**YOUR OBJECTIVE**
Which lines run from the start of the material below through the line containing "Digital arrow made"? Retype them exactly, pictures excluded.
-- DATA LISTING follows --
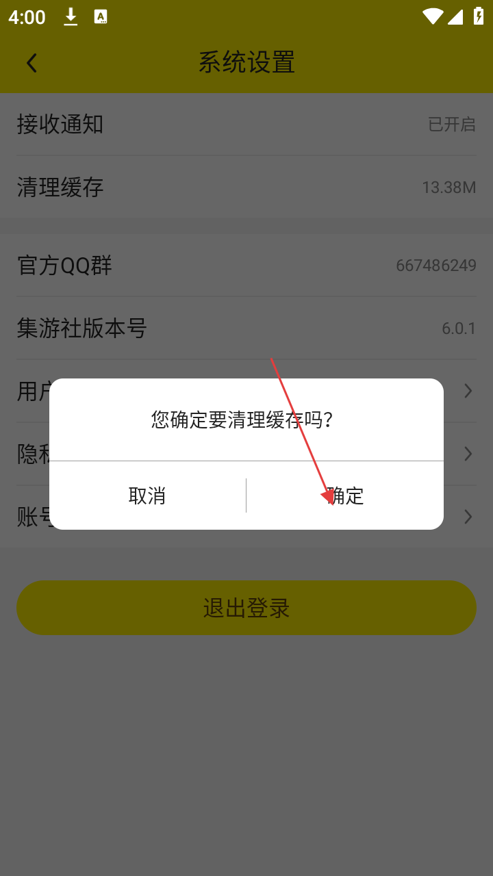 4、在提示框中,点击【确定】按钮,即可清理集游社的缓存数据,释放手机存储空间。
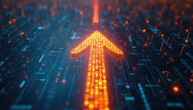 Digital arrow made of data points goes forward over abstract tech background. Concept represents tech growth innovation future vision digital transformation. Modern design illustrates progress
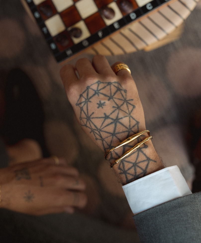 This gold-plated bracelet with a bamboo motif is an elegant piece of jewelry that combines nature-inspired design with a touch of luxury. Bamboo elements symbolize strength and tranquility.
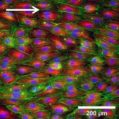 HUVEC在I型膠原蛋白(2 mg / ml)上以10 dyn /cm2的流量培養(yǎng)5天后的熒光顯微鏡檢查 。
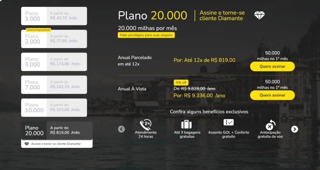 Para celebrar com a gente, preparamos uma oferta especial para você: garanta o maior bônus assinando o Plano 2.000 e junte 20.000 milhas na hora!
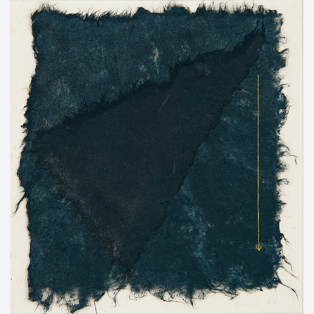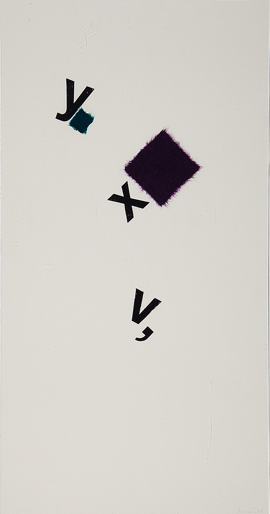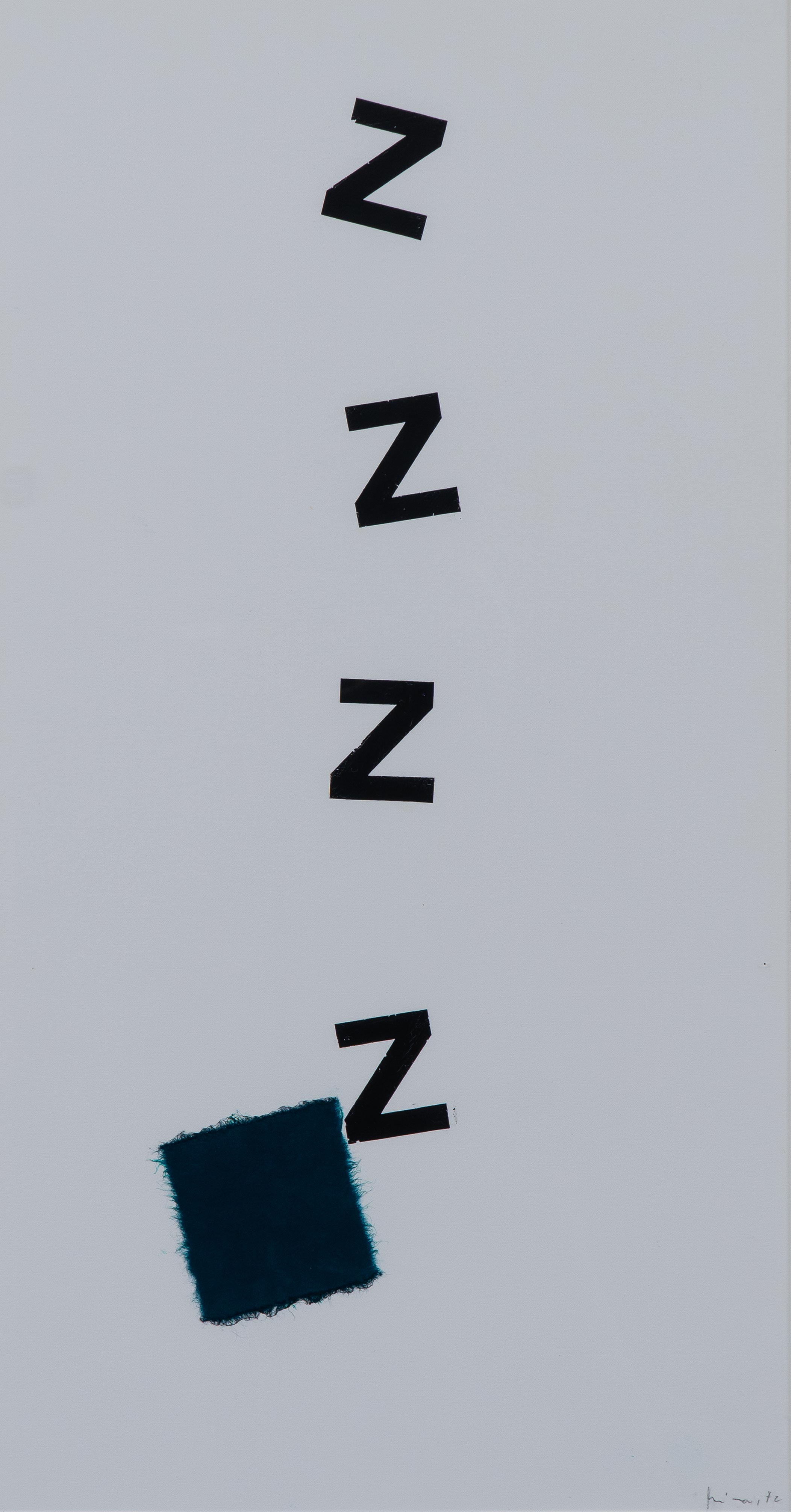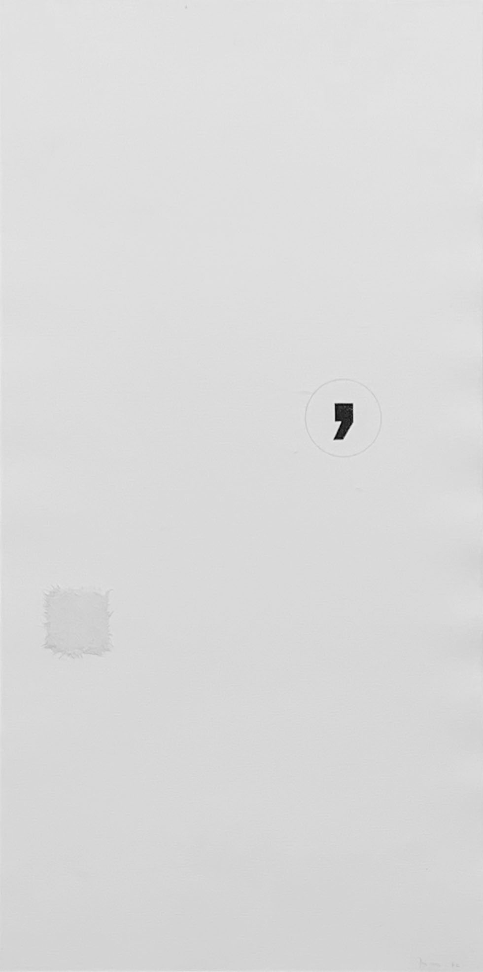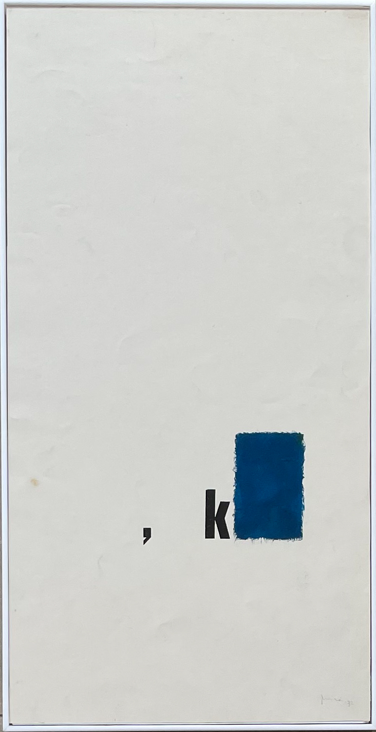 Mira Schendel - Sem título, série Toquinho P - 1972 - Letraset e papel artesanal tingido com ecoline sobre papel - Assinado canto inferior direito - 48 x 24 cm.
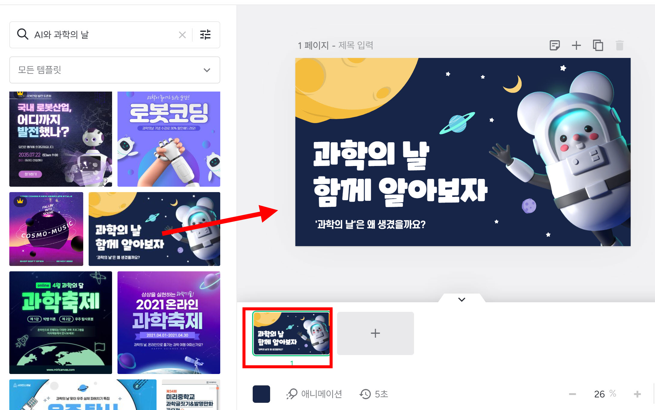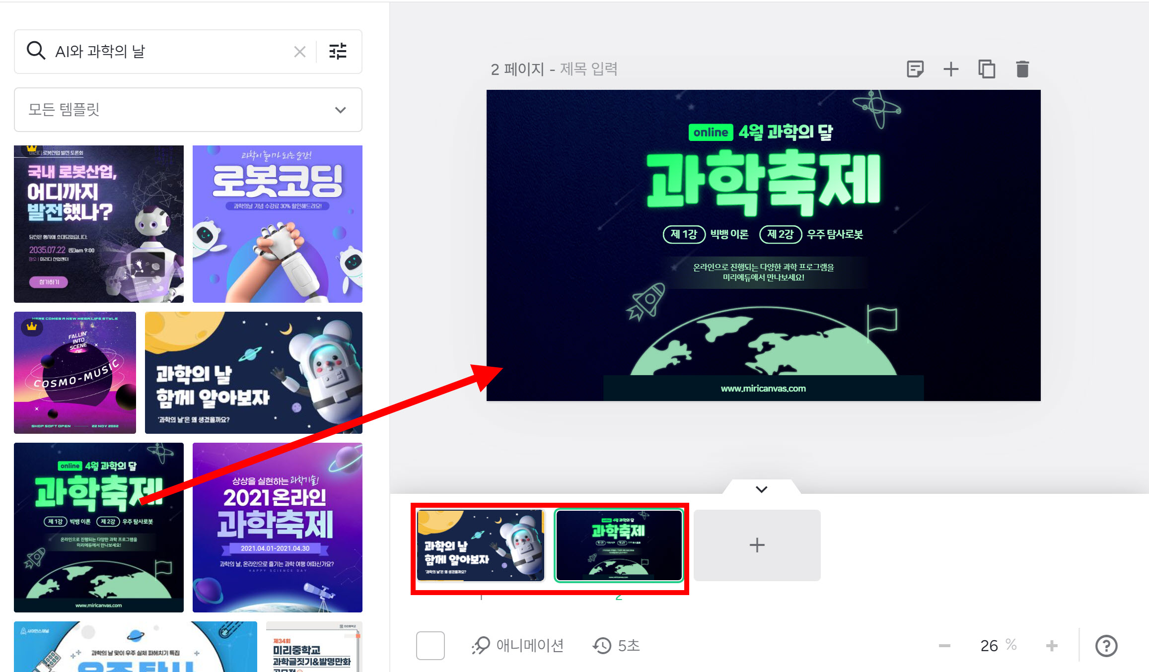 6)템플릿을 선택하고 페이지로 클릭, 드래그합니다.
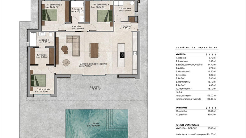Custom Built New Villas in Pinoso (Alicante): Spacious Homes in Natural SurroundingsNew Build Villas Tailored to Your Lifestyle in PinosoDiscover a unique opportunity to build your dream home in the peaceful surroundings of Pinoso, located in the inland area of Alicante on the Costa Blanca. These modern independent villas are designed under a self build concept, allowing buyers to choose from different models, layouts and plots to create a fully personalized home.Pinoso is a charming Spanish town known for its vineyards, traditional culture and relaxed lifestyle. The area offers a perfect balance between nature and everyday convenience, with local shops, restaurants and services available nearby. It is an ideal destination for those seeking tranquility while remaining connected to larger towns and the coast.Flexible Villa Designs with Modern ArchitectureBuyers can choose between a variety of villa models offering 2 or 3 bedrooms and 2 or 3 bathrooms, with options for single or two storey layouts. Built areas range from approximately 100 m2 to 260 m2, adapting to different lifestyle needs.Each villa is set on spacious plots, particularly in rustic locations where plots start from 10.000 m2, providing privacy and open views of the surrounding countryside.High Quality Features and Energy Efficient LivingAll villas are built with high quality materials and include a private 8 by 4 meter swimming pool, fully equipped kitchen with appliances and complete air conditioning system with airzone technology.The homes also feature aerothermal systems for hot water, fully fitted bathrooms with mirrors and shower screens, and an A energy rating for maximum efficiency.For rustic plots, the properties include 24 photovoltaic solar panels, water purification systems where necessary and sustainable wastewater solutions. Urban plots benefit from connection to mains water and sewage systems.Outdoor areas are carefully finished with paved terraces, pool areas and a perimeter walkway, while plots include 3.000 m2 fencing, motorized vehicle access and landscaped surroundings.Custom Plot Selection and Self Build ProcessSeveral plots are available in different locations around Pinoso, each with its own price (for this advert, a plot with a cost of 55.000 eur has been considered, if chosen a different plot price, the final price will be recalculated accordingly). The construction is carried out under a self build system, where payments are made in stages as the project progresses.The estimated delivery time is approximately 10 months from the granting of the building license.Excellent Location with Good ConnectivityPinoso offers a strategic inland location with easy access to key destinations. Alicante Airport is approximately 60 km away, while the beaches of the Costa Blanca can be reached in around 65 km. Golf courses are located within a 40 to 50 km radius, and the cities of Elche and Alicante are both within comfortable driving distance.Ideal Investment or Permanent ResidenceThese custom built villas provide an excellent opportunity to create a bespoke home in a peaceful and natural environment, with modern comforts and strong investment potential.Contact us today for more information and start designing your new villa in Pinoso.
-- DATA LISTING concluded --
**TASK SOLUTION**
 4、在提示框中,点击【确定】按钮,即可清理集游社的缓存数据,释放手机存储空间。
 Digital arrow made of data points goes forward over abstract tech background. Concept represents tech growth innovation future vision digital transformation. Modern design illustrates progress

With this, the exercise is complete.